EXERCISE GOAL: Starting at the first line of the records below, reproduce every line up to and including the line with "모델 식별자: MacPro3,1", but leave out all pictures.
BEGIN PROVIDED RECORDS
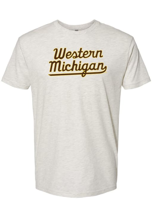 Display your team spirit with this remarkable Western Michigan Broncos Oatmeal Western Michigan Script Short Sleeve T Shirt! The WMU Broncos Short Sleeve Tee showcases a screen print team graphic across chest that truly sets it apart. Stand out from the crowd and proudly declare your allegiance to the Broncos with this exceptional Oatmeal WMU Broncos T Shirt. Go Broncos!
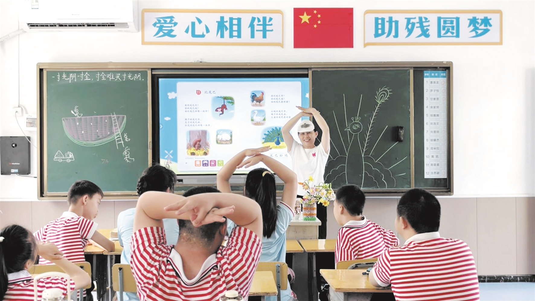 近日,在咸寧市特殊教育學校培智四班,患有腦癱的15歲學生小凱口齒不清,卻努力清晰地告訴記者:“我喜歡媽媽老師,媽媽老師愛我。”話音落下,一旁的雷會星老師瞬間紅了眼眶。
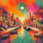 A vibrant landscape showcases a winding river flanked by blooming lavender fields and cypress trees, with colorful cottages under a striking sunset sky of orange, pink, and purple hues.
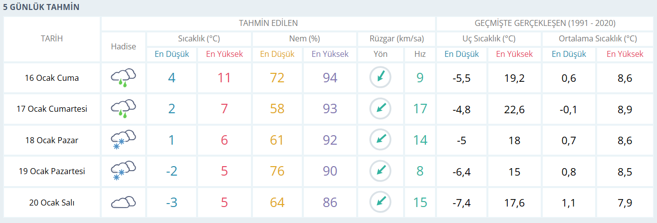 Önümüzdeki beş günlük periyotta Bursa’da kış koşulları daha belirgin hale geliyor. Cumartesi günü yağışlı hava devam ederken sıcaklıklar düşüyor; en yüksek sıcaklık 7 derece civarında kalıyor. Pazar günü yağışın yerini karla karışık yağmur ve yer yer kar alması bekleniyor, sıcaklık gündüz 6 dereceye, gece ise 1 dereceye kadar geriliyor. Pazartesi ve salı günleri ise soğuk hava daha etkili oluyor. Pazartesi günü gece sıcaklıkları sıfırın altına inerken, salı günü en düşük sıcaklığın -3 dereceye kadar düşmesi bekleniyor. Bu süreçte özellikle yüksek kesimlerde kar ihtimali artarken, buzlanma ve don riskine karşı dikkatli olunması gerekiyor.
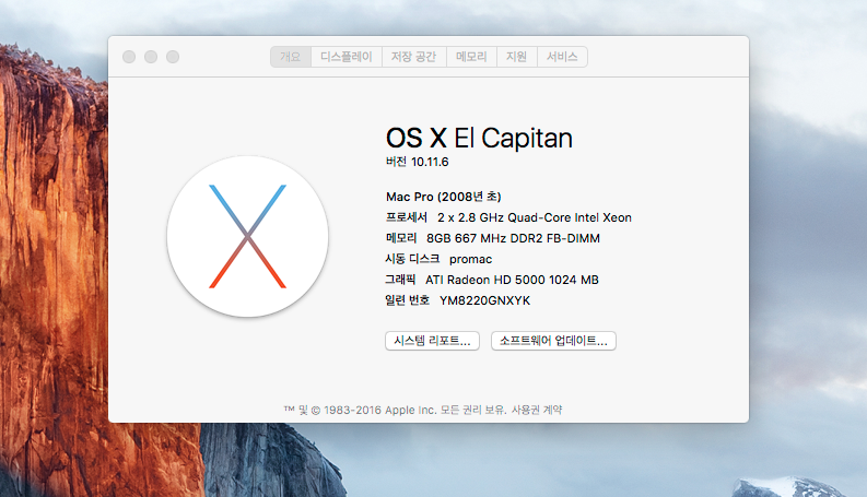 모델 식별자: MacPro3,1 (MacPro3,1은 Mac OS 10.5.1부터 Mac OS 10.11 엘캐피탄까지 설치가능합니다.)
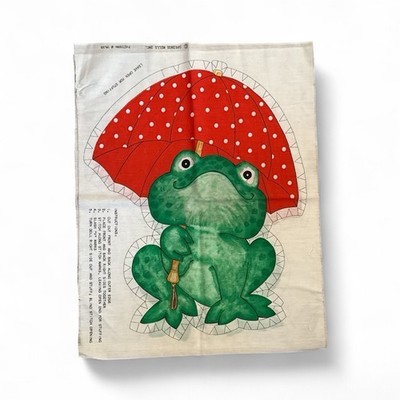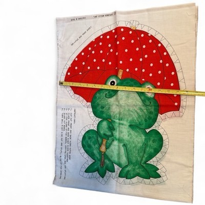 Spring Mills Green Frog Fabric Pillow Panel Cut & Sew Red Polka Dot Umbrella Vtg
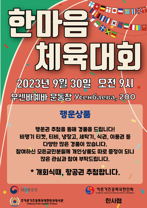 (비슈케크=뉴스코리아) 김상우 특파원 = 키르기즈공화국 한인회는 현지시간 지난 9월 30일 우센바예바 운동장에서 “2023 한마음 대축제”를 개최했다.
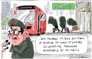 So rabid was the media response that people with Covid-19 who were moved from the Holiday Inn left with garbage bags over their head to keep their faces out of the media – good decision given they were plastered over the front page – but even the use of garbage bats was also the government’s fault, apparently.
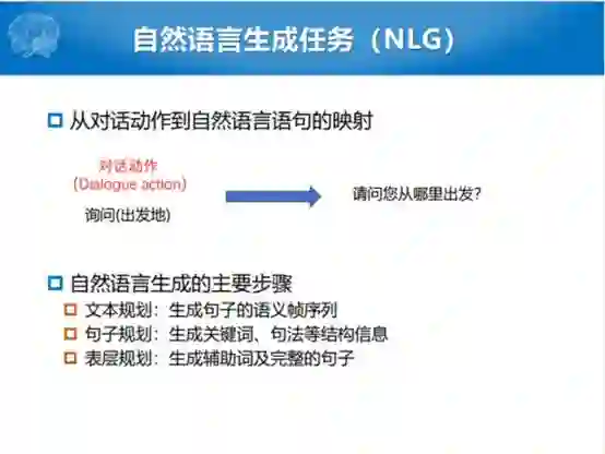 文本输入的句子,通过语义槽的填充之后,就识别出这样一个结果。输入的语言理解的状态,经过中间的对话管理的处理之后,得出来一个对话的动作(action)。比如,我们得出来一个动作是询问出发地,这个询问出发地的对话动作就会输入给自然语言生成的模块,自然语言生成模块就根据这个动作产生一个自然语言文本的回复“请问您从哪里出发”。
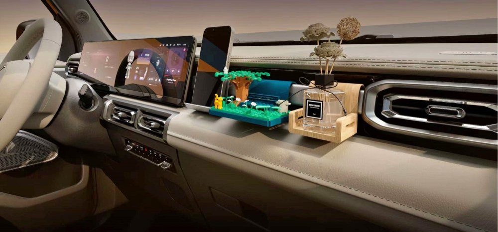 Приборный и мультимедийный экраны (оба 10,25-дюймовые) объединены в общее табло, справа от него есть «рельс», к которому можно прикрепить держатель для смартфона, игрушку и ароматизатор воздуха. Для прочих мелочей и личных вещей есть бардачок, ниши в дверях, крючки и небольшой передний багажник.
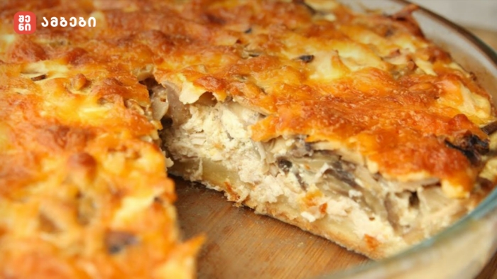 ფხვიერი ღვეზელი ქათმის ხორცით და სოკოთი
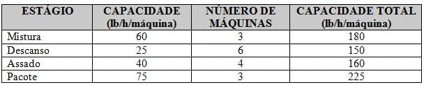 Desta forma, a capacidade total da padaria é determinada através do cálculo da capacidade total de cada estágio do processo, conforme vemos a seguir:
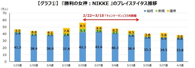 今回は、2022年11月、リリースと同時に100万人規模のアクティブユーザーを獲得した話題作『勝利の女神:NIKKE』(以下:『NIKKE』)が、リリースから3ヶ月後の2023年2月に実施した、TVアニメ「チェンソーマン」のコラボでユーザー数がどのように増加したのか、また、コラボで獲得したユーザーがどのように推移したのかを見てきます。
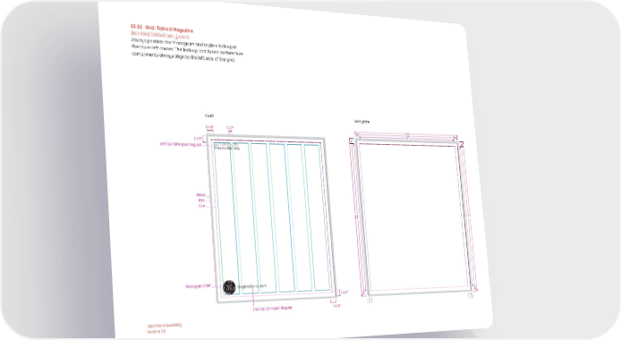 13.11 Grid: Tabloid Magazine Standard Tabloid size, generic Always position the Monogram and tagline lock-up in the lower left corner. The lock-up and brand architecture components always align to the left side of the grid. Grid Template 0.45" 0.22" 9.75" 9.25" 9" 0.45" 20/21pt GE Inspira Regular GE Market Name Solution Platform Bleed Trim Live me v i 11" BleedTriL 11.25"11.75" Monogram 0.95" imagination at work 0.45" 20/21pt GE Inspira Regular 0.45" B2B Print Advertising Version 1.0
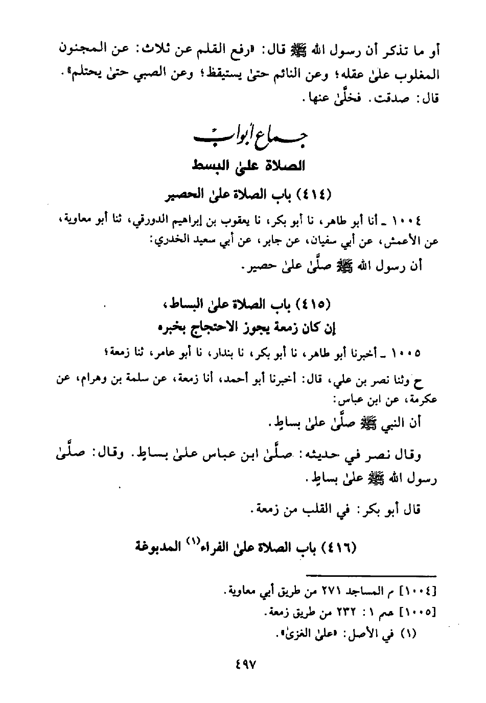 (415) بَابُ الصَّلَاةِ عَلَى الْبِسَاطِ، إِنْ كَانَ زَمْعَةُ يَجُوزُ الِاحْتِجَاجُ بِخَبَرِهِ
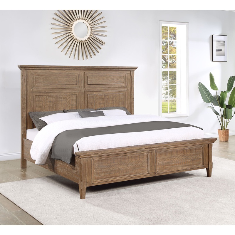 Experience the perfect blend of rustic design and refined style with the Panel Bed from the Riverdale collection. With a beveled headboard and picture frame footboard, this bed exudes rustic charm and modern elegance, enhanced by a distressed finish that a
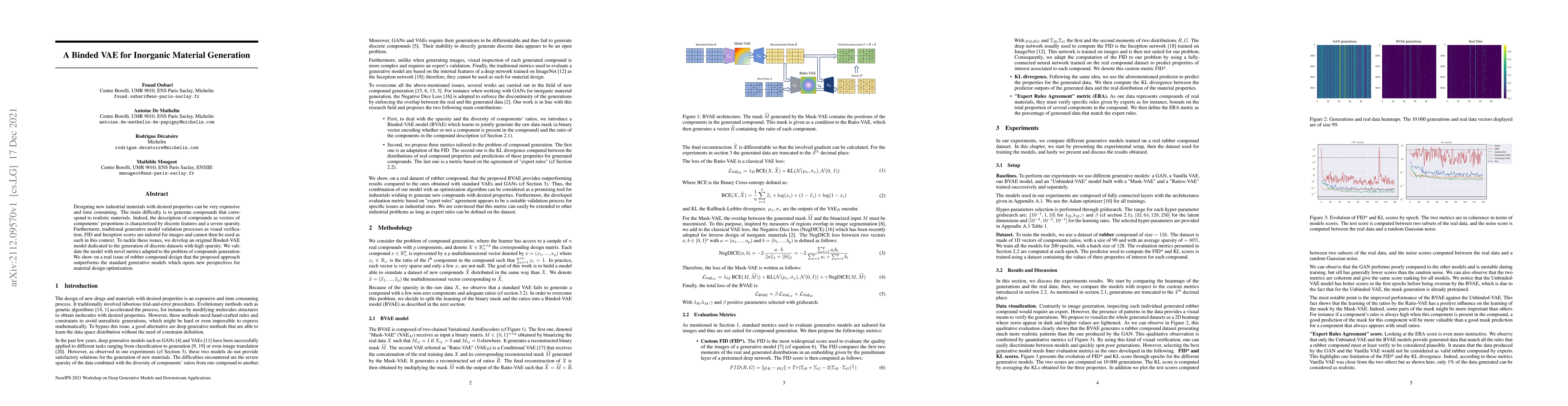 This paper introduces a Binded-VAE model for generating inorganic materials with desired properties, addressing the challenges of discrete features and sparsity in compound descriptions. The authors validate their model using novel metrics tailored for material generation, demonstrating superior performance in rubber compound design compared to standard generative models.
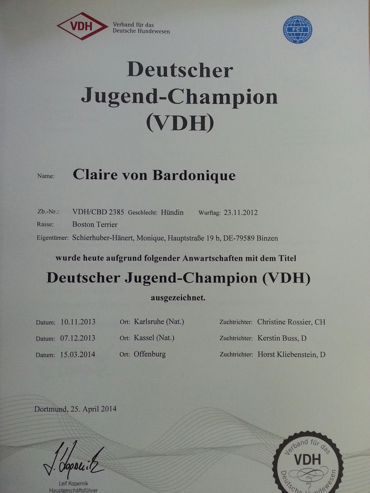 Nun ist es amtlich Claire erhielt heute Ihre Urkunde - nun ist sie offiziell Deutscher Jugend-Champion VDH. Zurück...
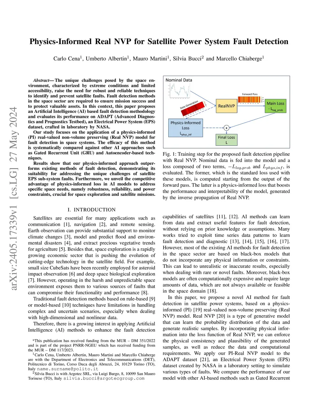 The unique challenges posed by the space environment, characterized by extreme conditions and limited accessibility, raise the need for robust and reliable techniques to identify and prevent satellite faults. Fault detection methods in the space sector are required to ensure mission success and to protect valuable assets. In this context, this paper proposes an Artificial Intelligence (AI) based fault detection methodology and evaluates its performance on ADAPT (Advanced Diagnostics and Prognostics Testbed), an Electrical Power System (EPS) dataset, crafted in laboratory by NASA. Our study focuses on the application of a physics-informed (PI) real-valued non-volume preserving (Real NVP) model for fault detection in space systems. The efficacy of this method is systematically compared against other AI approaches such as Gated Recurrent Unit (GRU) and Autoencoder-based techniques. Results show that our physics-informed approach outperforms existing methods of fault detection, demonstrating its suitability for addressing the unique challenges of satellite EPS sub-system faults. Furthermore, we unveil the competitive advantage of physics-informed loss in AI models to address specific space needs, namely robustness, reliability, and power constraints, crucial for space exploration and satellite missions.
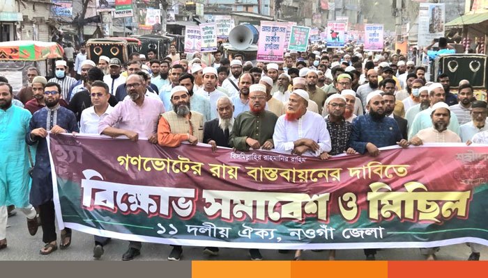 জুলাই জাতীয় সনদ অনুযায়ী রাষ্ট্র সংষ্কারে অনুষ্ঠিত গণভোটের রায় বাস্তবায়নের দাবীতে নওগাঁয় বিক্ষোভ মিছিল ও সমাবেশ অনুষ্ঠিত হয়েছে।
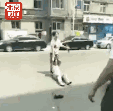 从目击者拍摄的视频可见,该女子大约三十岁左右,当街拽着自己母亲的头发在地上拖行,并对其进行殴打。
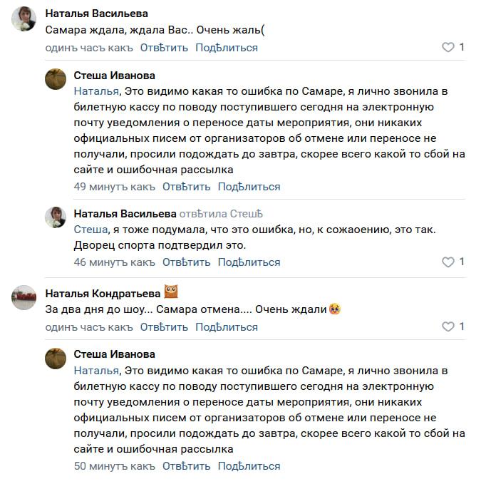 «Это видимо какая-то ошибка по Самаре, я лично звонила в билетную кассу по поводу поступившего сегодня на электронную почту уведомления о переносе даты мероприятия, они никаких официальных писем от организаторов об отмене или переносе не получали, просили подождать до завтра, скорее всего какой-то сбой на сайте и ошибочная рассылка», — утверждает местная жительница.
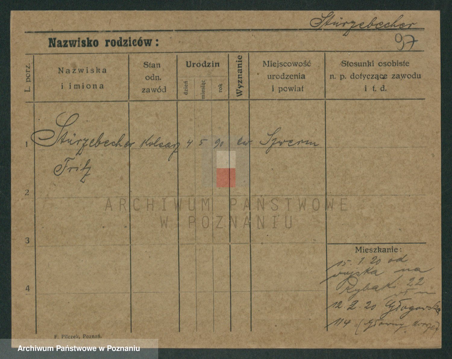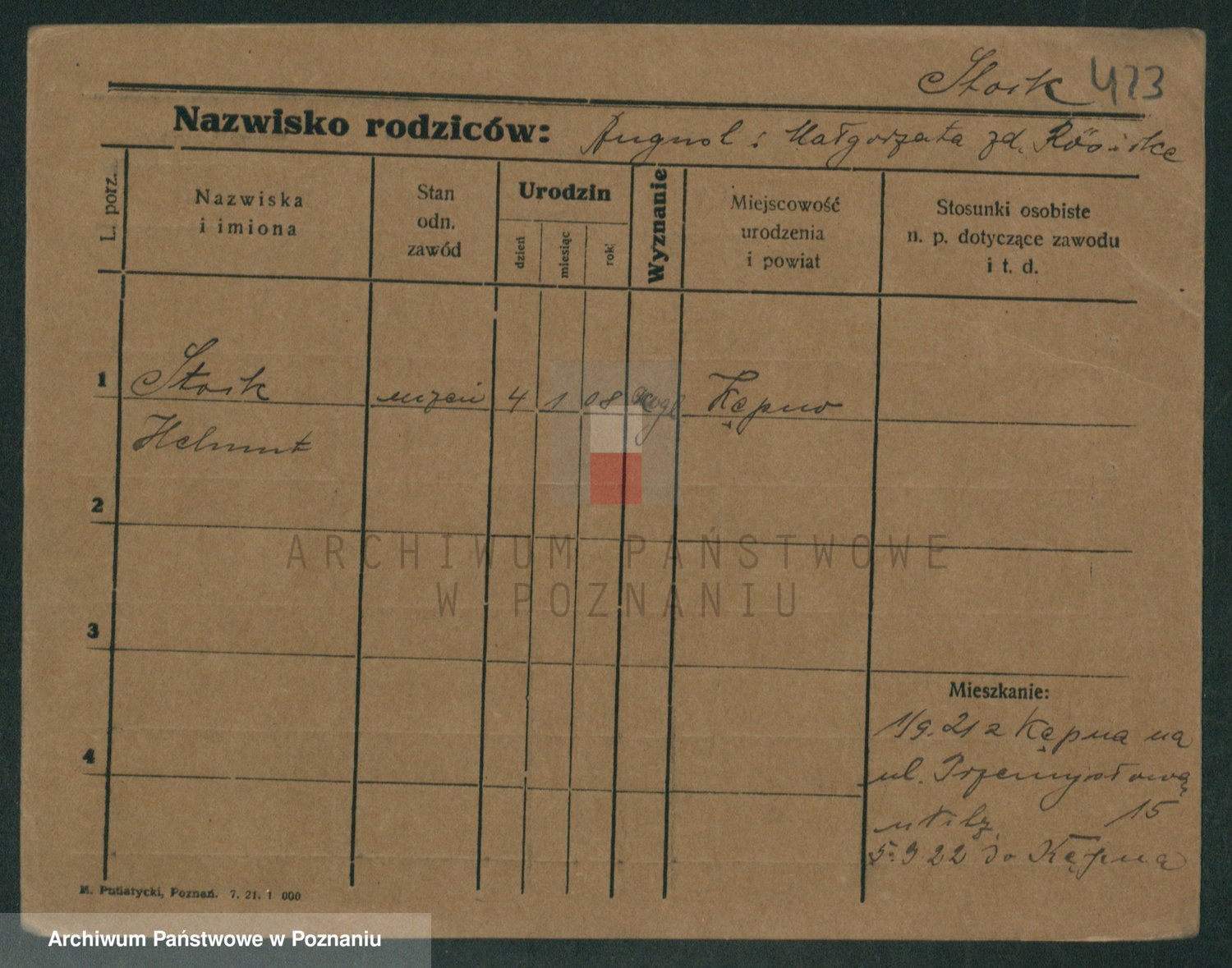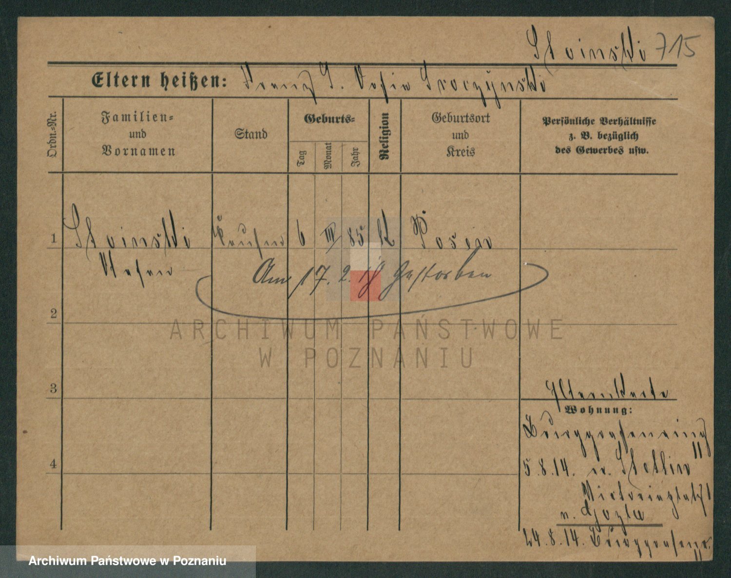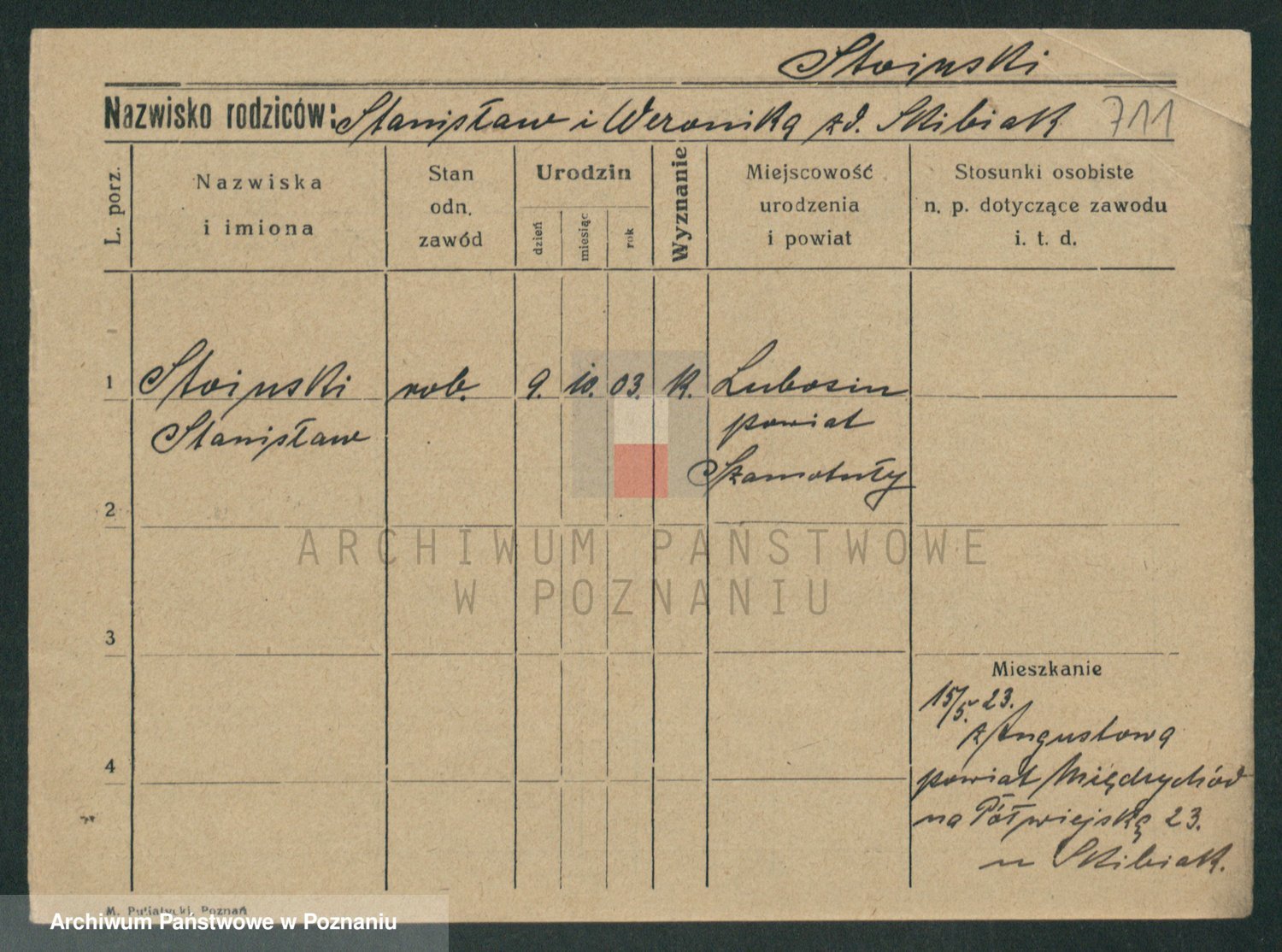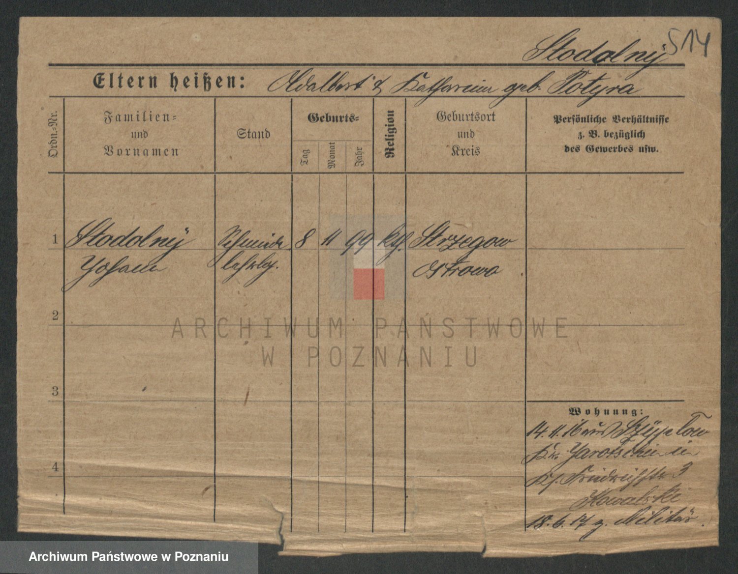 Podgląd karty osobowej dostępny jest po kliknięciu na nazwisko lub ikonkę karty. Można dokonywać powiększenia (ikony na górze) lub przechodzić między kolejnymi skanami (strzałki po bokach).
END PROVIDED RECORDS
ANSWER BELOW:
 Display your team spirit with this remarkable Western Michigan Broncos Oatmeal Western Michigan Script Short Sleeve T Shirt! The WMU Broncos Short Sleeve Tee showcases a screen print team graphic across chest that truly sets it apart. Stand out from the crowd and proudly declare your allegiance to the Broncos with this exceptional Oatmeal WMU Broncos T Shirt. Go Broncos!
 近日,在咸寧市特殊教育學校培智四班,患有腦癱的15歲學生小凱口齒不清,卻努力清晰地告訴記者:“我喜歡媽媽老師,媽媽老師愛我。”話音落下,一旁的雷會星老師瞬間紅了眼眶。
 A vibrant landscape showcases a winding river flanked by blooming lavender fields and cypress trees, with colorful cottages under a striking sunset sky of orange, pink, and purple hues.
 Önümüzdeki beş günlük periyotta Bursa’da kış koşulları daha belirgin hale geliyor. Cumartesi günü yağışlı hava devam ederken sıcaklıklar düşüyor; en yüksek sıcaklık 7 derece civarında kalıyor. Pazar günü yağışın yerini karla karışık yağmur ve yer yer kar alması bekleniyor, sıcaklık gündüz 6 dereceye, gece ise 1 dereceye kadar geriliyor. Pazartesi ve salı günleri ise soğuk hava daha etkili oluyor. Pazartesi günü gece sıcaklıkları sıfırın altına inerken, salı günü en düşük sıcaklığın -3 dereceye kadar düşmesi bekleniyor. Bu süreçte özellikle yüksek kesimlerde kar ihtimali artarken, buzlanma ve don riskine karşı dikkatli olunması gerekiyor.
 모델 식별자: MacPro3,1 (MacPro3,1은 Mac OS 10.5.1부터 Mac OS 10.11 엘캐피탄까지 설치가능합니다.)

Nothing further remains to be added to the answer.